We’re seeing it in Kentucky, where the governor and Republican lawmakers have launched an assault on government transparency in the name of “economic development.”
David Thompson, executive director of the Kentucky Press Association, writes that House Bill 387 “undermines, turns upside down, practically destroys the Kentucky Open Records laws as we know it.”
Frankfort attorney and longtime former Assistant Attorney General Amye Bensenhaver, the godmother of government transparency in Kentucky, is equally alarmed.

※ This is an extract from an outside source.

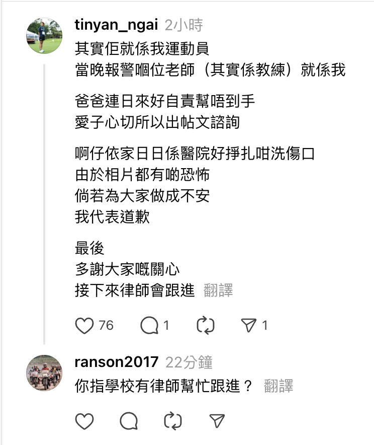 💬當日代受傷青年報警的老師亦有現身,表示傷者父親很自責、覺得自己有「幫唔到手」,亦表示稍後會交律師更進。

“The bill will expand three existing exceptions to the law that are intended to promote economic development in the state that have been liberally construed by the courts and the attorney general through the years,” she writes. “It will introduce two new exceptions relating to economic development. These revisions will ensure that we never have to bother our silly little heads with such dreck as rejected incentive packages, like the package offered by the City of Louisville to Amazon to relocate it second headquarters in the city at an estimated cost to the taxpayers of $2.5 billion, or who the shareholders in Braidy Industries are despite the fact that we have a $15 million investment in the company.”
The bill comes a year after lawmakers, in legislation that came to be known in newspaper circles as “Alfred’s Law” because of its retaliation against the dogged journalism of former State Journal reporter Alfred Miller, further enshrouded in secrecy so-called P3s, or public-private partnerships, which are the fashionable way to fund big government while lining the pockets of private business.
I’m not naïve about the way the game is played. For decades, job-hungry communities and states have been throwing taxpayer dollars at corporations to outbid their neighbors for factories, professional sports teams and shopping malls. Taxpayers are said to come out ahead because of the jobs created, a more diversified tax base and improved quality of life.
Perhaps.
But private business that partakes of government largesse must accept that you forfeit the normal confidentiality afforded transactions between private parties. When you accept government subsidies, taxpayers become stakeholders. Your business is their business.
Shame on lawmakers who want to funnel taxpayers’ money to corporate interests on the one hand, then tell citizens it’s none of their business on the other.
Steve Stewart is a vice president and group manager of Boone Newspapers Inc., which owns the Winchester Sun.